When you put up pickles, you preserve, warm memories for
the cold days ahead.
Pickling is an easy way of "putting food by." The recipes
here are all for fresh-pack, or quick-process,
pickles—which you can turn out in an
afternoon—rather than for brined, or fermented,
pickles, which may take several weeks. Each recipe involves
merely cleaning and cutting the vegetables to appropriate
lengths; preparing a vinegar-based pickling liquid; packing
the vegetables and liquid in containers; and either
immersing the jars in boiling water for a few minutes or
allowing the pickles to age in the refrigerator until their
flavors have mellowed.
Before you gather up all those excess vegetables your
garden is producing and go to work, get hold of a good
canning guide. The standard one is the USDA's Complete
Guide to Home Canning, Preserving and Freezing ($4.80
postpaid from Dover Publications, 180 Varick St., New York,
NY 10014). A few tips should serve to give you an idea of
what you're getting into.
Ingredients: Vegetables should be fresh,
firm and free of mold and blemishes. If possible, use only
pickling (pure granulated) salt; it has no iodine (which
darkens the pickles) or anticaking agents (which cloud the
liquid). If pickling salt is unavailable, just use
non-iodized table salt and resign yourself to murky brine.

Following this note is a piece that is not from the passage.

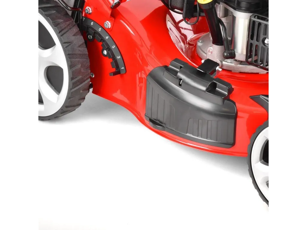 Štyri rýchlosti pojazduZvolenie požadovanej rýchlosti sa vykonáva pákou priamo na paneli madla kosačky. Táto funkcia umožní prispôsobiť rýchlosť kosačky ako pohodlnej obsluhe, tak vlastnostiam koseného trávnika a štruktúre pozemku. Pomalší pojazd je tak vhodnejší napríklad pre niektorých seniorov. Pomalší pojazd je vhodný aj na prerastený trávnik, kosačka sa nehltí veľkým množstvom trávy a pri pomalom pojazde ho lepšie stíha odhadzovať do koša alebo bočného vyhadzovania. Naopak rýchlejší pojazd využijete predovšetkým u pravidelne udržiavaných trávnikov, kde zastrihávate len končeky trávnika. Kosenie je potom rýchlejšie a neplytváte zbytočne výkonom kosačky. Samotný pojazd sa aktivuje pomocou páky, ktorú pri kosení pridržiavajte u madla. Pri uvoľnení páky kosačka okamžite zastaví. Tento spôsob ovládania slúži zároveň ako bezpečnostný prvok, nie je tak možné, aby sa kosačka náhodne rozbehla sama. |
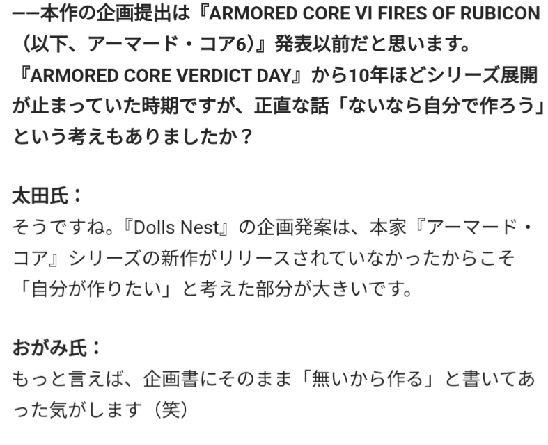 ???「真下がガラ空きだ。」マジでアーマードコアの新作が出ないから自分達で作ることにしてたんだな、ニトロプラス……

Vinegar must be between 4% and 6% acid; homemade or gourmet
vinegars of unknown acidity simply aren't safe as
preservatives. Either white or cider vinegar will do,
according to your taste; white is preferable for
light-colored vegetables, since cider will darken them. If
you use garlic (as several recipes call for), keep in mind
that it harbors bacteria that can cause spoilage. Before
adding it to the jars, peel the cloves and boil them for 1
minute in water or in the vinegar solution.
PICKLES
Don't stop at cukes. Pickle zukes, tomatoes,
carrots, beans and peas.
Utensils: Pans for heating the pickling
liquid should be enamel, stainless steel or glass, copper,
galvanized or iron utensils may produce off-colors or form
undesirable compounds. You'll need a water-bath
canner—a large pot with a tight-fitting lid and a
rack to hold canning jars. (Inexpensive models —$10
or so—are often available at discount and hardware
stores.) Jars should be the kind sold specifically for home
canning: glass jars with two-piece metal caps (a flat metal
lid and a metal screw band). Don't reuse leftover
containers from supermarket foods; they won't seal
properly.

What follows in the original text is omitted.